Ma’lula is one of the last places on earth that speak Aramaic, the language of Jesus. Its interfaith population has lived for over a thousand years peacefully together. ­These terrorists whether in Ma’lula, [or elsewhere], have committed atrocious crimes under the color of our religion. We Muslims, cannot stand in silent witness of their acts.

In a recent article in the Economist magazine the author states that, “the proportion of Middle Easterners who are Christian has dropped from 14% in 1910 to 4% today.” ­This is generally correct. The trend in the Christian population has been downward for a long time, and not necessarily because of violence or religious persecution. In Lebanon, for example, Christians outnumbered Muslims in the last official census taken by the French in 1932. Since then, all unofficial censuses make the Christians about 35% of the population at best. Many factors account for the diminishing Christian numbers. Christians are more likely to emigrate than Muslims. In the first wave of emigration from Greater Syria between 1880 and World War I, the immigrants were overwhelmingly Christian and from the Mount Lebanon area. ­There was no violence or religious persecution at the time in Mount Lebanon. On the contrary, people used to say, “Happy is he who has a goat’s resting place in Mount Lebanon.”

If so, why did the immigrants leave? ­They left basically for economic betterment. ­They heard that the streets in America were paved with gold. ­The idea of instant wealth drove many to emigrate. Perhaps the most important reason behind the declining number of Christians, relative to Muslims, is the fertility rate. Muslims have more children than Christians. Christians tend to emigrate; Muslims tend to stay. Sometimes, Muslim men marry more than one wife, and hence have more children.

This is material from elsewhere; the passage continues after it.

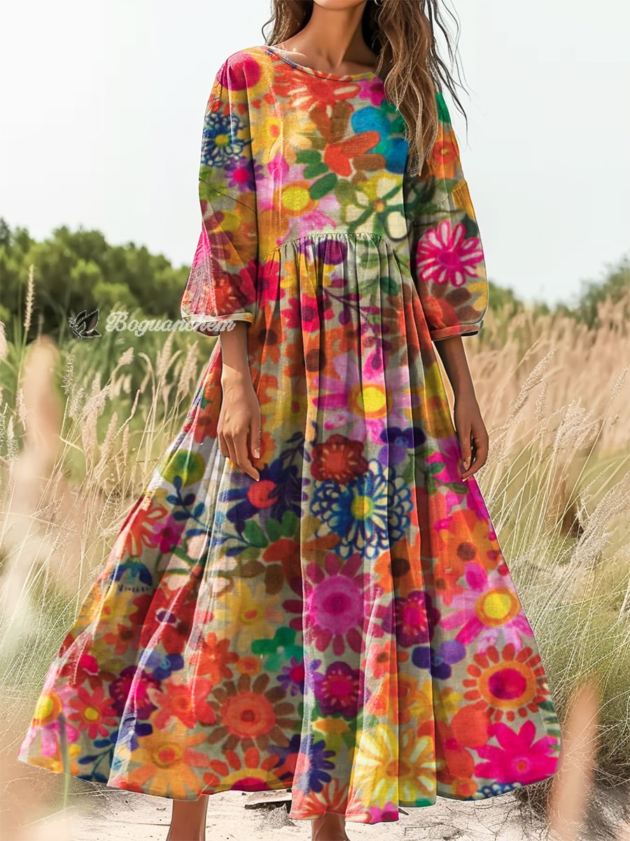 Gender: For Women Style: Casual Fit Type:FIt Shirt Length: Regular Sleeves Length:3/4 Sleeve Collar: Round Collar Material: 100%Cotton Material Stretch: No Stretch Pocket :Side poctket Weight: 0.300kg Package:1 x Dress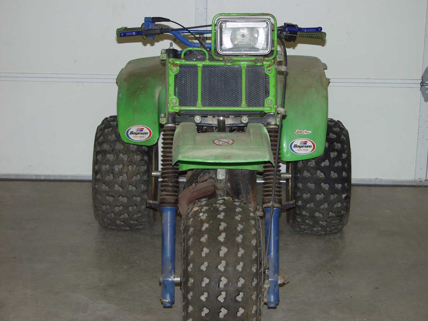 '84 KXT250A1Here are some of the highlights. Stripped and sandblasted the frame, swing arm and anything else that was previously painted black and painted it metallic silver. Engine case covers and front forks were sand blasted and polished. The fenders and tank were so oxidized by the sun, I had them painted. Exhaust system from BILL'S PIPE (replaced fiberglass packing). Polished aluminum rims from Douglas Wheels. Custom upholstered seat cover. The stock tires were still good, so I kept them. New flywheel and stator from Ricky Stator.com Installed Boyseen reeds. K&N filter with precharger. New rear shock from Works Performance will arrive on September 25, 2003. New Fuel Petcock Valve. Rebuilt top end (only installed new rings, Piston and cylinder was in great shape) New aluminum grab bar from PRM-ATV.com New LED rear tail light. The Paint Job was done by my Father-in-law who is a Contract Painter. He often does work at Disneyland and California Adventure. This has given him some expertise in painting unusual surfaces like the fiberglass coated hand rails at Indiana Jones adventure ride to make them look like Bamboo. He also has painted Tomorrow Land, Space Mountain, Aladdin's Oasis and more. With this plastic He washed the plastic with soap and water. Lightly sanded with 400 grit sandpaper. Applied "Plastic Prep" from DUPONT. Then used Automotive Plastic Primer (Same that is used on Painted Car Bumpers) Then Used Spray Can green paint from AutoZone (High Temp Exhaust paint/Color-Grabber Green) Then used Emron Automotive Clear coat. In all this restoration set me back about $1100.00. This bike runs great and sounds strong, I have only taken it out for a short ride down the street. The first Glamis trip will be October 11, 2003. Then I will really find out it my investment has paid off. Great Web Site, Three Wheelers forever. Abolish the Consumer Product Safety Commission. Terry Hammon Bermuda Dunes, Ca. |

Will the cradle of Christianity ultimately lose its Christians? It’s conceivable, but I hope not. History tells us that Arab Christians have survived past crises and are likely to survive the current and future ones as well. Arab Christians have always been a dynamic, vibrant and civilizing part of the population of the Arab world, past and present. In the past, following the Arab conquest of Iraq, Syria, Persia, and Egypt, Arab Christians translated Greek, Syriac, and Persian medical, scientific, astronomical, philosophical and humanistic knowledge to Arabic. ­The Arabs learned and assimilated this knowledge, and in turn produced a great civilization between the 9th and the 16th centuries that Europe could never match at the time. Spain, called Andalus by the Arabs, flourished materially and intellectually under Arab rule. When the Crusaders came to Syria at the end of the eleventh century, the medical knowledge they brought with them was so primitive in comparison to Arab medicine.

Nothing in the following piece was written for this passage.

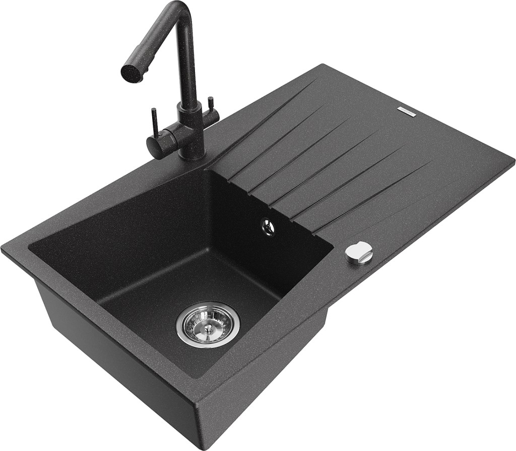 Technické dáta: drez: Rozmer: 775x470x200mm Hĺbka komory: 180 mm Rozmery komory: 410x355 mm Priemer odtoku: ø90 mm Typ: 1-miska s odkvapkávačom Typ: Zapustené do pracovnej dosky Farba: Škvrnitá čierna Povrchová úprava sifónu: Chrome Materiál: žula (80% žulové kamenivo, 20% živice) Prepadový otvor: Áno Otvory: (batérie, automatické) 2 Inštalácia: Univerzálna, je možné inštalovať s odkvapkávačom na ľavú alebo pravú stranu Vysoká odolnosť proti poškriabaniu a zmene farby Odolnosť proti tepelným šokom Ľahko čistiteľný povrch kuchynská batéria: Materiál: mosadz Farba: Škvrnitá čierna Hlava: Keramická Prevzdušňovač: Áno Typ: Dve rukoväte Rozsah výtoku: 235 mm Výška batérie: 315 mm Dvojhlavá batéria s prídavným kanálom pre filtrovanú pitnú vodu(GT) Ean: 5905315025791

In modern times, Arab Christians spear-headed the Arab literary Renaissance and the revival of the Arabic language and humane learning. Butros Bustani founded the first national school in 1863. Archbishop Yusuf al-Dibs founded the Ḥikma school in 1875. ­The first Arabic printing press was introduced by the monastery of St. John in Khinsharah, Mount Lebanon, in 1734. ­The first Arabic newspaper was published by Rizkallah Ḥassoun in 1855. Khalil al-Khouri published Ḥadiqat al-Akhbar in 1857. Between 1870 and 1898, Arab Christians founded 17 newspapers and magazines in Lebanon and Egypt, including the newspapers al-Ahram, al-Muqaṭṭam, and the magazines al-Muqtaṭaf and al-Hilal. In politics, Najib ‘Azouri was the first to draw attention to the rising Zionist threat in Palestine in his book, the Awakening of the Arab Nation, published in French in 1904. George Antonius wrote the Arab Awakening, the first seminal work on Arab Nationalism. Th­e only three secular political parties in Greater Syria were founded by Arab Christians. Finally, all the members of the Pen League, al-Rabiṭa al-Qalamiyya, in the United States, who contributed significantly to modern Arabi thought and literature, were Arab Christians.

In the final analysis, should the day come, God forbid, when Arab Christians become an extinct species in the cradle of Christianity, this will be a calamity of unparalleled proportions, not only to Arab Christians and Christianity, but also to Arab civilization, to Arab Muslims, and to diversity and pluralism in the Arab world!